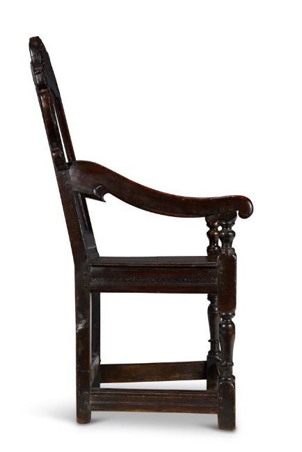 A CHARLES II CARVED OAK JOINED ARMCHAIR NOTHERN ENGLAND, PROBABLY YORKSHIRE, MID 17TH CENTURY The arched and scrolled crest rail carved with foliage above a foliate lozenge-centred back and solid seat, on turned legs joined by channelled box stretchers 114cm high, 60cm wide, 64cm deep The combination of distinctive features of the chair including the diamond carved back and shaped cresting are strongly indicative of furniture from the West Riding of Yorkshire, see Victor Chinnery, Oak Furniture, The British Tradition, Woodbridge, 2000, p. 468, and a similar chair ill' p.470, fig. 4:116, the latter possibly specifically from Leeds.
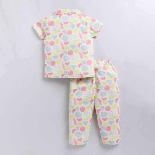 Colorful Abstract Print Linen Night Suit Set – Front Open Shirt & Pajama
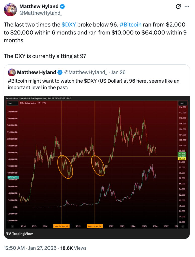 Hyland ประเมินว่าคู่เทรด BTC/USD จะขยับขึ้นเมื่อ DXY ปรับตัวลงไปต่ำกว่าระดับ 96 ดังที่เคยเกิดขึ้นมาแล้วในปี 2017 และ 2022
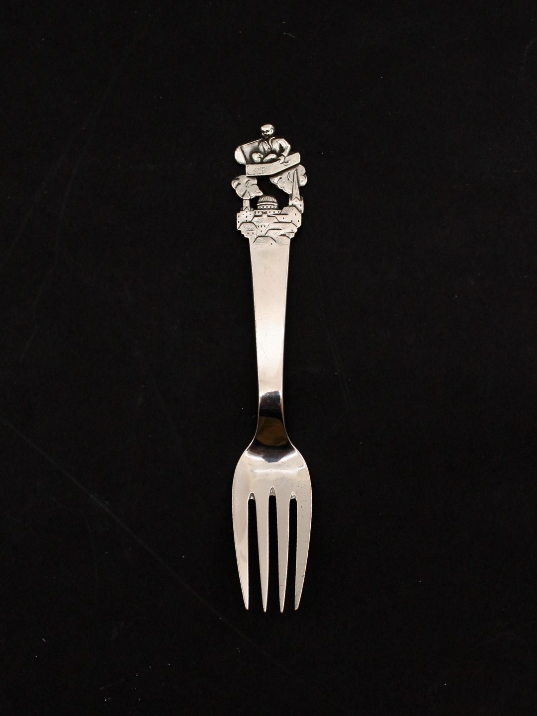 H C Andersen barne gaffel 14,5 cm. "Den Flyvende Kuffert" tretårnet sølv flot ingen graveringer. emne nr. 568846
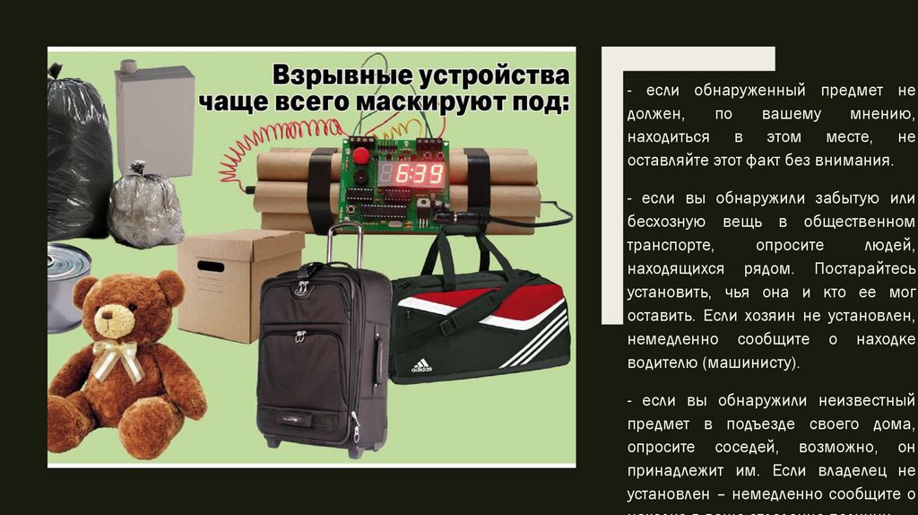 ■ Не подбирайте бесхозных вещей, как бы привлекательно они не выглядели. В них
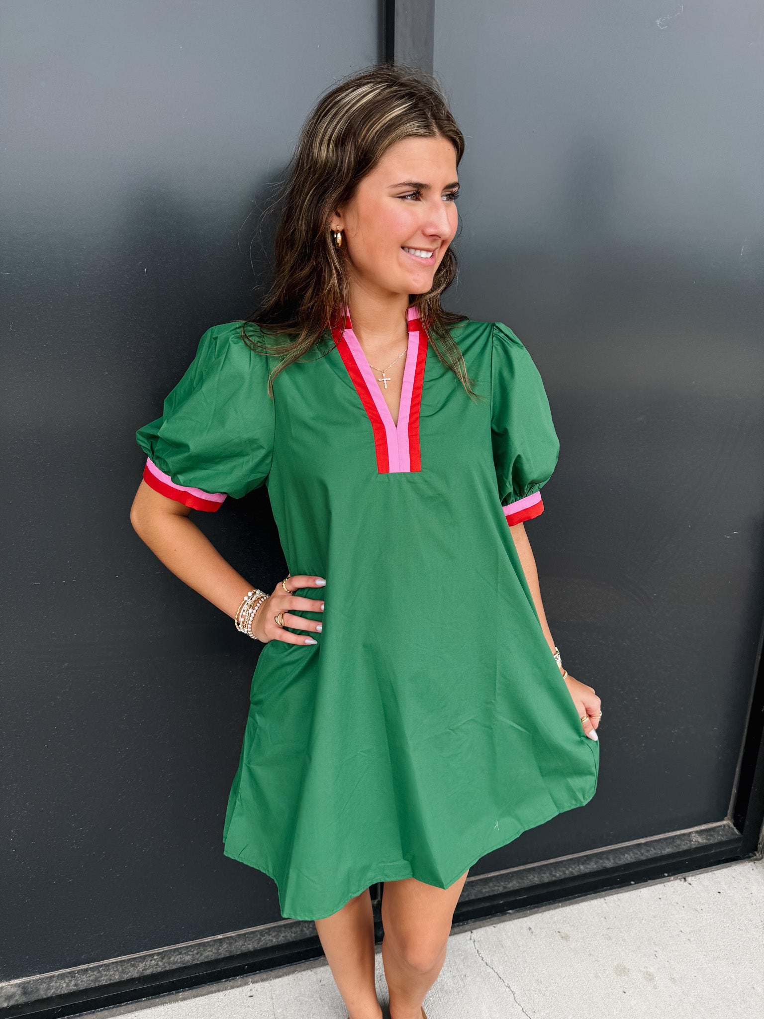 Step into charm with the Entro Multi Collar Dress, featuring playful puff sleeves and a vibrant pink and red striped collar that adds a pop of fun. Crafted in a rich hunter green, this lightweight dress is double lined for comfort and confidence. Perfect for days when you want to feel effortlessly stylish and spirited.
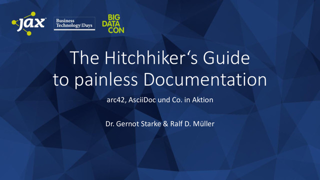 an email • modular • reference Images – don‘t embedd them • integration of Source-Code • Reviews, Pull-Requests, Versionierung with Git • convert to HTML5, DocBook etc.
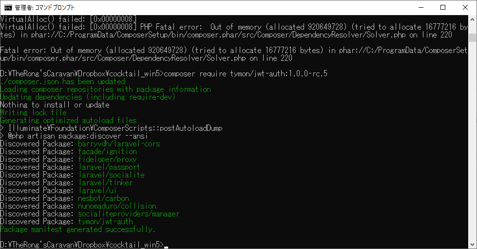 たまたまなんですが、jwt-authが入りました。やっとです。issueを読みまくってたらたまたまヒットしました。他に手段がないのでjwt-authで実装することに決めました。公式のリファレンスは未完成らしいですけど
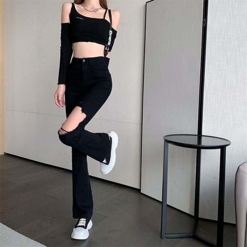 ブラックパンツ スキニージーンズ オータムハイウェストウェストロング レッド ストリート 秋物 Xiaofeijia22103199117
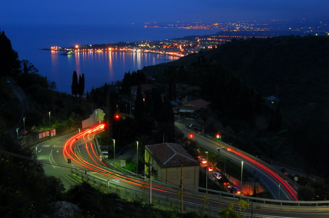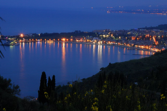 暮色裡,山腳下的納克索斯花園和其他的沿海城市無一不是萬家燈火、璀璨無比。它們似乎正用一長串的街燈來勾勒西西里的海岸。
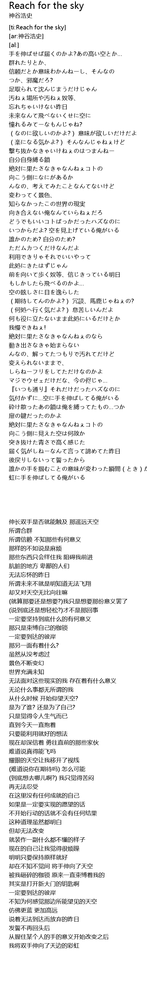 | [00:01.50] | 手を伸ばせば届くのかよ?あの高い空とか… |
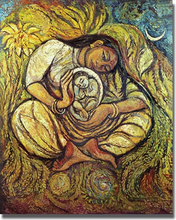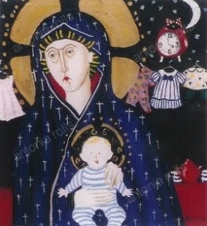 This type of foreshadowing and emphasis is also evident in Antonia Rolls “4am Madonna” which shows Mary’s cloak adorned with crosses.
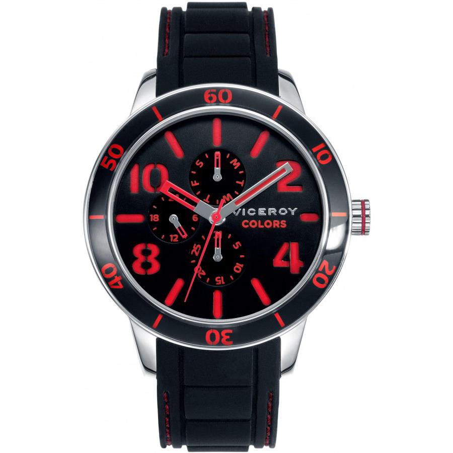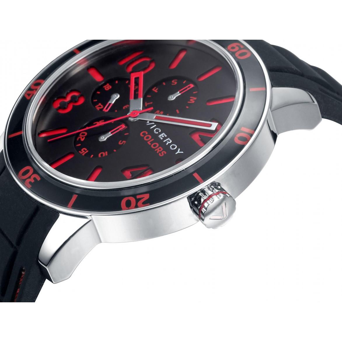 ساعت مچی VICEROY مردانه/پسرانه ویسروی با طراحی اسپرت بند سیلیکونی مشکی رنگ با قاب گرد دو رنگ و صفحه مشکی با تلفیق قرمز و موتور با قابلیت تقویم روز و ماه و انرژی باطری این ساعت مچی مردانه به همراه دو سال گارانتی بین المللی شرکت جام جم ارائه میگردد
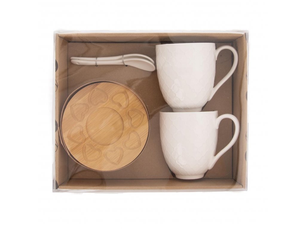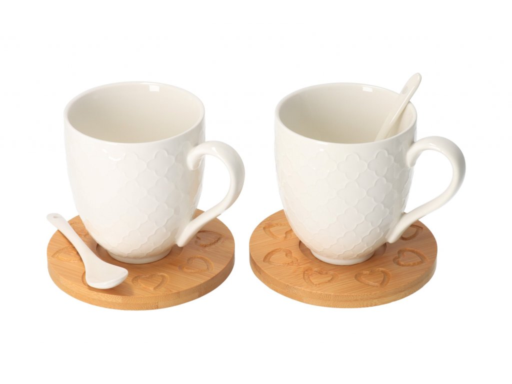 Balenie obsahuje 2 komplety (podložka pod pohár, hrnček, lyžička).
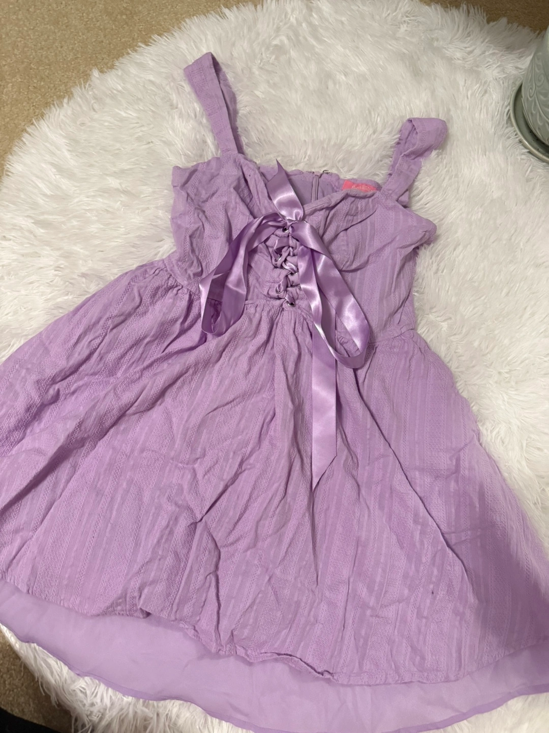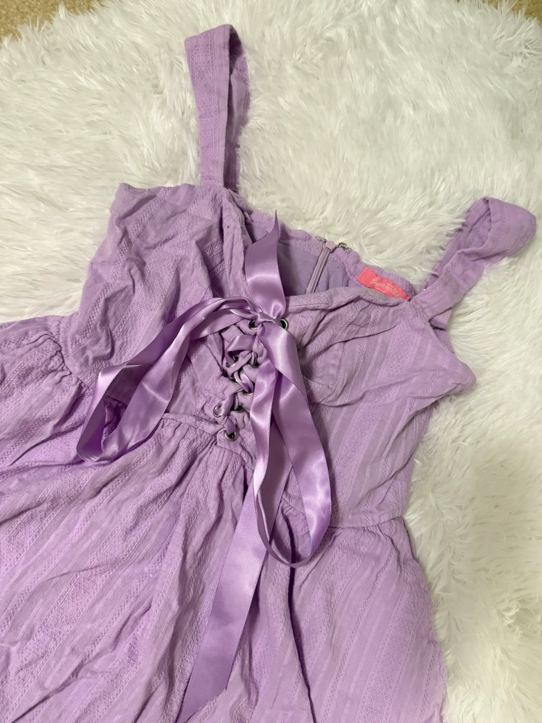 Selling a cute mini dress in a lovely shade of purple! It features a corset-style ribbon tie at the front, adding a touch of charm to the design. Perfect for a fun day out or a casual evening event
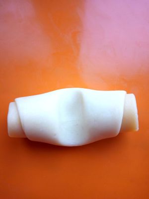 饧好的面卷压扁,擀成长条,再卷成卷。这时的长条更细更长
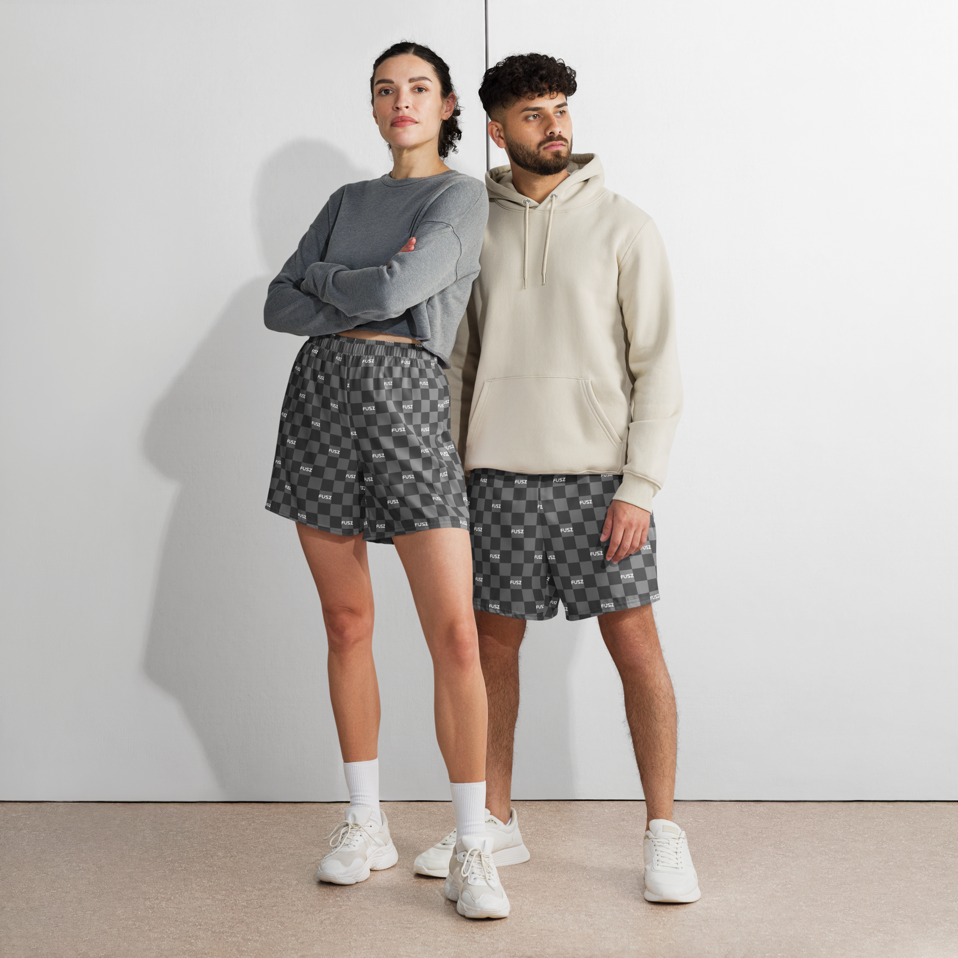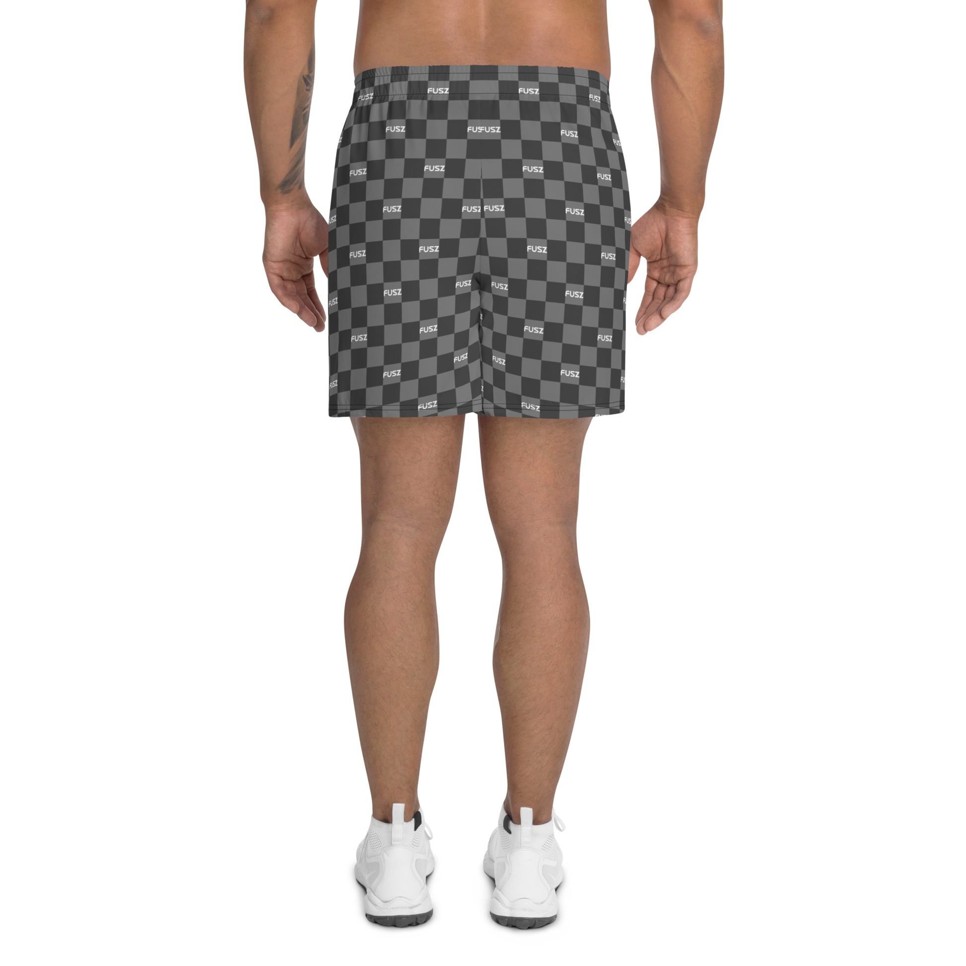 These men's recycled athletic shorts feature the all-over checkered Fusz gray pattern. These shorts are so comfy and made from such a versatile fabric that you won't feel out of place at any sports event. And, of course, they have pockets. Need we say more?

=== Task details ===
Every word of the material above should be copied exactly; no pictures.

=== Completed task ===
 A CHARLES II CARVED OAK JOINED ARMCHAIR NOTHERN ENGLAND, PROBABLY YORKSHIRE, MID 17TH CENTURY The arched and scrolled crest rail carved with foliage above a foliate lozenge-centred back and solid seat, on turned legs joined by channelled box stretchers 114cm high, 60cm wide, 64cm deep The combination of distinctive features of the chair including the diamond carved back and shaped cresting are strongly indicative of furniture from the West Riding of Yorkshire, see Victor Chinnery, Oak Furniture, The British Tradition, Woodbridge, 2000, p. 468, and a similar chair ill' p.470, fig. 4:116, the latter possibly specifically from Leeds.
 Colorful Abstract Print Linen Night Suit Set – Front Open Shirt & Pajama
 Hyland ประเมินว่าคู่เทรด BTC/USD จะขยับขึ้นเมื่อ DXY ปรับตัวลงไปต่ำกว่าระดับ 96 ดังที่เคยเกิดขึ้นมาแล้วในปี 2017 และ 2022
 H C Andersen barne gaffel 14,5 cm. "Den Flyvende Kuffert" tretårnet sølv flot ingen graveringer. emne nr. 568846
 ■ Не подбирайте бесхозных вещей, как бы привлекательно они не выглядели. В них
 Step into charm with the Entro Multi Collar Dress, featuring playful puff sleeves and a vibrant pink and red striped collar that adds a pop of fun. Crafted in a rich hunter green, this lightweight dress is double lined for comfort and confidence. Perfect for days when you want to feel effortlessly stylish and spirited.
 an email • modular • reference Images – don‘t embedd them • integration of Source-Code • Reviews, Pull-Requests, Versionierung with Git • convert to HTML5, DocBook etc.
 たまたまなんですが、jwt-authが入りました。やっとです。issueを読みまくってたらたまたまヒットしました。他に手段がないのでjwt-authで実装することに決めました。公式のリファレンスは未完成らしいですけど
 ブラックパンツ スキニージーンズ オータムハイウェストウェストロング レッド ストリート 秋物 Xiaofeijia22103199117
 暮色裡,山腳下的納克索斯花園和其他的沿海城市無一不是萬家燈火、璀璨無比。它們似乎正用一長串的街燈來勾勒西西里的海岸。
 | [00:01.50] | 手を伸ばせば届くのかよ?あの高い空とか… |
 This type of foreshadowing and emphasis is also evident in Antonia Rolls “4am Madonna” which shows Mary’s cloak adorned with crosses.
 ساعت مچی VICEROY مردانه/پسرانه ویسروی با طراحی اسپرت بند سیلیکونی مشکی رنگ با قاب گرد دو رنگ و صفحه مشکی با تلفیق قرمز و موتور با قابلیت تقویم روز و ماه و انرژی باطری این ساعت مچی مردانه به همراه دو سال گارانتی بین المللی شرکت جام جم ارائه میگردد
 Balenie obsahuje 2 komplety (podložka pod pohár, hrnček, lyžička).
 Selling a cute mini dress in a lovely shade of purple! It features a corset-style ribbon tie at the front, adding a touch of charm to the design. Perfect for a fun day out or a casual evening event
 饧好的面卷压扁,擀成长条,再卷成卷。这时的长条更细更长
 These men's recycled athletic shorts feature the all-over checkered Fusz gray pattern. These shorts are so comfy and made from such a versatile fabric that you won't feel out of place at any sports event. And, of course, they have pockets. Need we say more?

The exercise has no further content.